“La fiesta carnestolenda”, dice la locutora, y siento que me atraviesan
puñales por todo el cuerpo. Debo enfocarme, no estoy acá para convertirme en
purista del idioma. El sonido está demasiado fuerte, casi no me permite
concentrarme; además, mis ojos están cansados de mirar las máscaras del
carnaval. Los rostros de la muchedumbre no me dicen nada, aunque los miro
también; tengo que resolver este problema agobiante y absurdo, no puedo permitir
que muera otra persona más durante el corso.
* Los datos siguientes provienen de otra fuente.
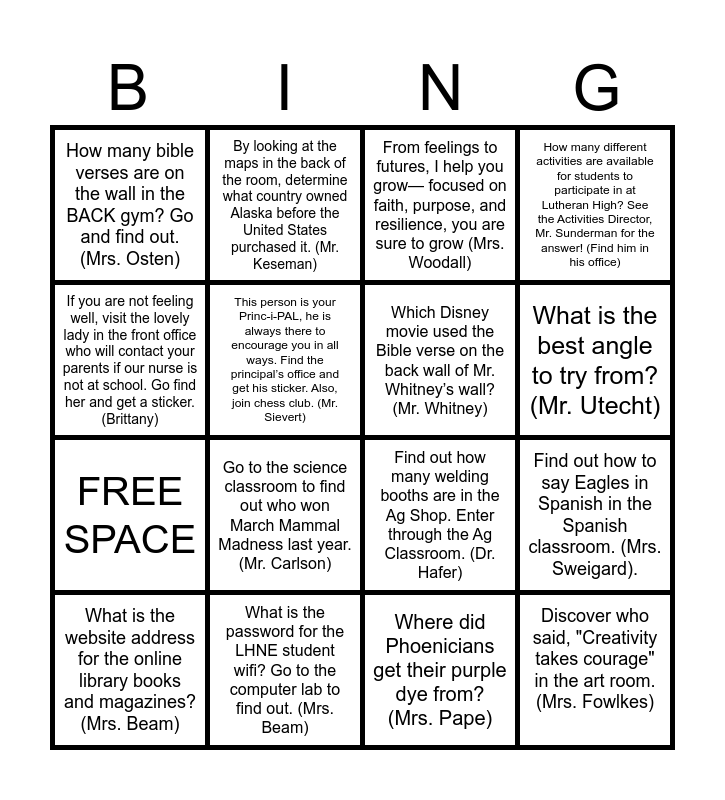 This bingo card has 16 words: What is the password for the LHNE student wifi? Go to the computer lab to find out. (Mrs. Beam), Find out how to say Eagles in Spanish in the Spanish classroom. (Mrs. Sweigard)., From feelings to futures, I help you grow— focused on faith, purpose, and resilience, you are sure to grow (Mrs. Woodall), How many bible verses are on the wall in the BACK gym? Go and find out. (Mrs. Osten), FREE SPACE, By looking at the maps in the back of the room, determine what country owned Alaska before the United States purchased it. (Mr. Keseman), Find out how many welding booths are in the Ag Shop. Enter through the Ag Classroom. (Dr. Hafer), Where did Phoenicians get their purple dye from? (Mrs. Pape), If you are not feeling well, visit the lovely lady in the front office who will contact your parents if our nurse is not at school. Go find her and get a sticker. (Brittany), This person is your Princ-i-PAL, he is always there to encourage you in all ways. Find the principal’s office and get his sticker. Also, join chess club. (Mr. Sievert), What is the website address for the online library books and magazines? (Mrs. Beam), How many different activities are available for students to participate in at Lutheran High? See the Activities Director, Mr. Sunderman for the answer! (Find him in his office), Go to the science classroom to find out who won March Mammal Madness last year. (Mr. Carlson), What is the best angle to try from? (Mr. Utecht), Which Disney movie used the Bible verse on the back wall of Mr. Whitney’s wall? (Mr. Whitney) and Discover who said, "Creativity takes courage" in the art room. (Mrs. Fowlkes).
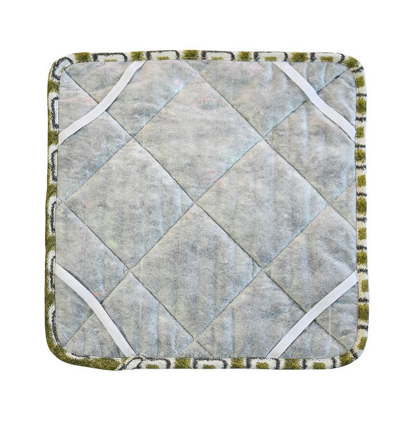 М'який та тонкий чохол з красивими рослинними мотивами. Накладка на табурет виконана з якісної іспанської тканини на основі бавовни та поліестеру, з наповнювачем із ватину. Виріб кріпиться за допомогою 4 гумок по кутах, робить сидіння табурету зручнішим.

Pero ¿cómo evitarlo? Imposible saber quién de todos ellos es el asesino y
cuál será su víctima. ¡Todos tienen el mismo rostro! Tengo que elegir a uno, o
a lo sumo dos sospechosos y concentrarme en sus movimientos. Más no puedo
hacer. Subo a la tribuna y me ubico en el escalón más alto para observar a la
multitud; no sería lógico que el asesino esté muy cerca. Hay un sospechoso a
unos cincuenta metros: su disfraz de dominó, en lugar de ocultarlo, lo revela.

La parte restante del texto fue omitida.